Your assignment:
Would you copy out each line of the records below that includes the word "provide"?

Available data:
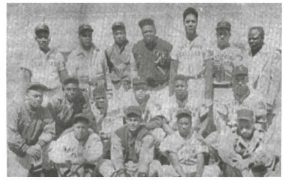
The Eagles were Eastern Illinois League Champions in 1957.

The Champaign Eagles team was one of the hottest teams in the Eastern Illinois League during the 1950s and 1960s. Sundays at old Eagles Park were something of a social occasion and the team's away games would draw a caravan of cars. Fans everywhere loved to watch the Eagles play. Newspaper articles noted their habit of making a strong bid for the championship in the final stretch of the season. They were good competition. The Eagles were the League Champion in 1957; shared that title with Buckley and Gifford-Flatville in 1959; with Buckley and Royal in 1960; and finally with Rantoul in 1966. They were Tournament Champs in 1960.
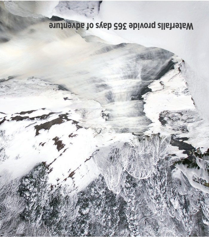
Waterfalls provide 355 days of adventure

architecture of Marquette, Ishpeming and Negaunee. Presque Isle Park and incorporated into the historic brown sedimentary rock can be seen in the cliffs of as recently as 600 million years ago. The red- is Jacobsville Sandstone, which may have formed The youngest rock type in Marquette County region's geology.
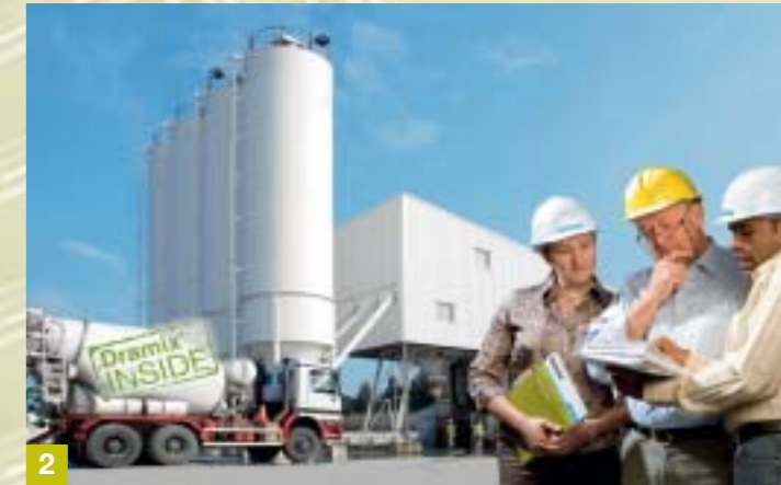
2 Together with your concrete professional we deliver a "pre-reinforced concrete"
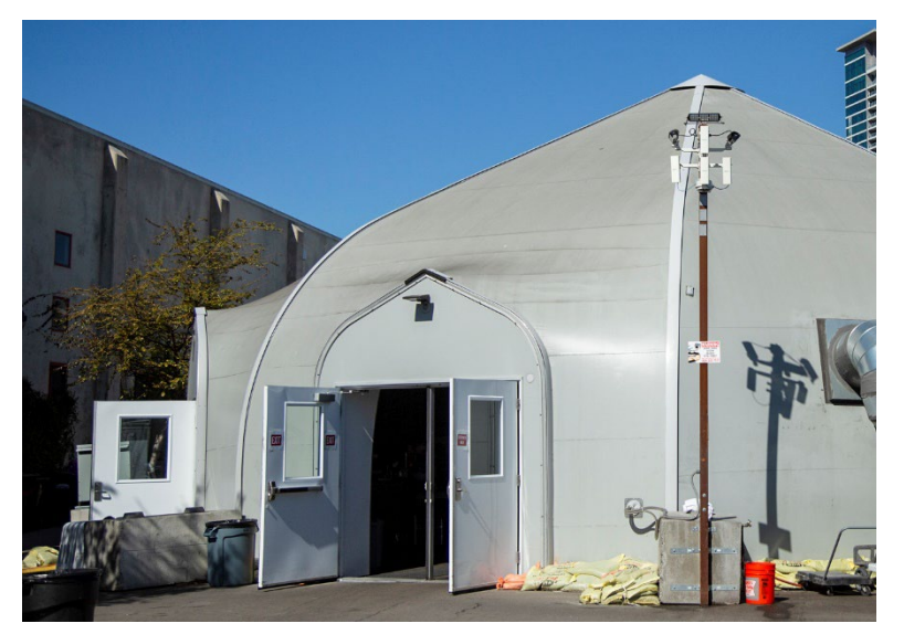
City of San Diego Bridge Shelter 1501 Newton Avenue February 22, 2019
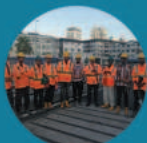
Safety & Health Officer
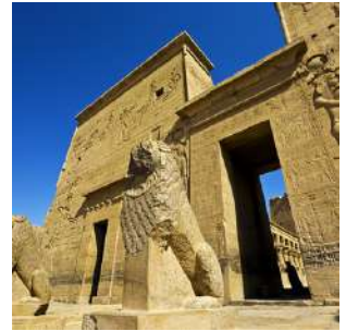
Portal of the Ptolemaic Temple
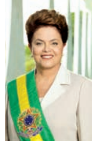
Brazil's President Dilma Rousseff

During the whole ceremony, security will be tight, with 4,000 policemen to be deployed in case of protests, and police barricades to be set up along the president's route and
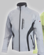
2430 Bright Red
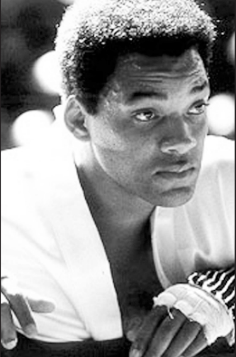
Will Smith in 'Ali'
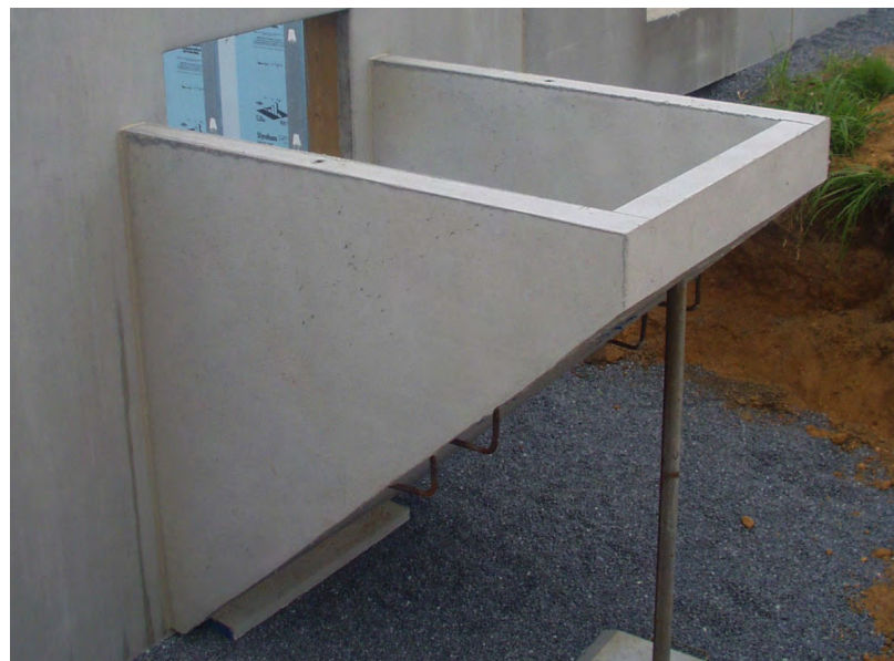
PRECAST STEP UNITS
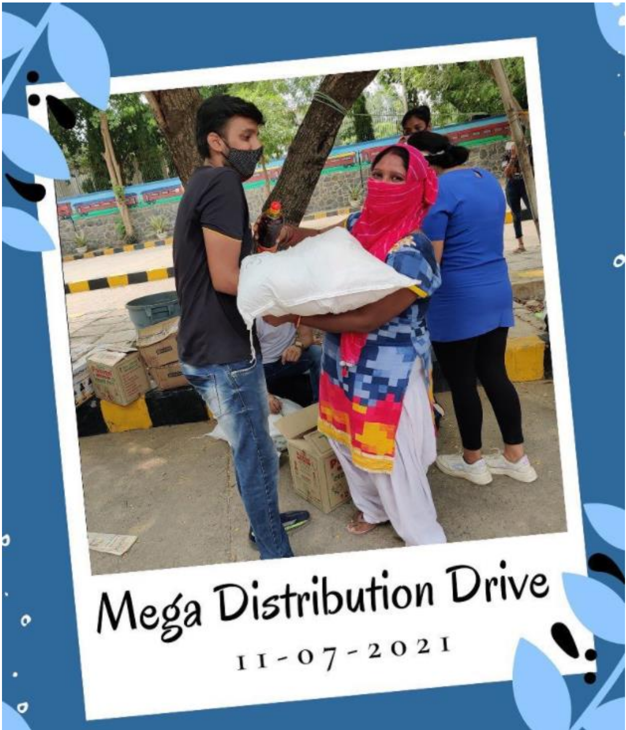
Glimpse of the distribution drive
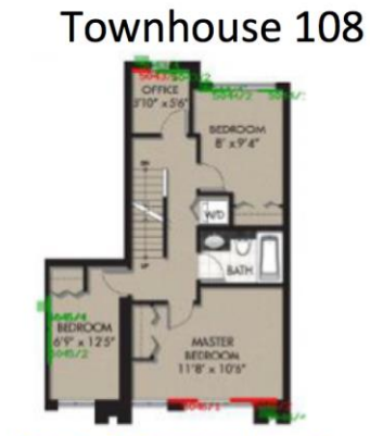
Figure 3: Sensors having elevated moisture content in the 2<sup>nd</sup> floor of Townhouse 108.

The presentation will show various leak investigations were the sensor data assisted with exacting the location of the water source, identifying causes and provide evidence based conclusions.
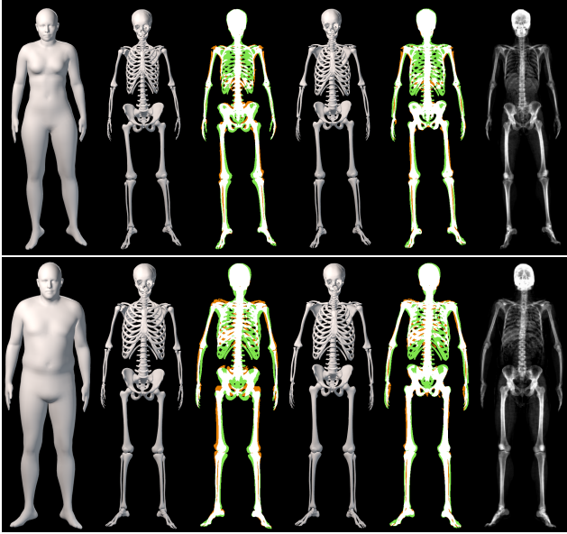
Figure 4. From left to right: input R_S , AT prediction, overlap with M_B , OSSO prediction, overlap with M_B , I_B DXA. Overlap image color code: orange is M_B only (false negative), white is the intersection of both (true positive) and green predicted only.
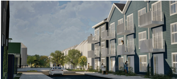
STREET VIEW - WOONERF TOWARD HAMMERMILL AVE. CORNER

Problem solution:
Waterfalls provide 355 days of adventure
The presentation will show various leak investigations were the sensor data assisted with exacting the location of the water source, identifying causes and provide evidence based conclusions.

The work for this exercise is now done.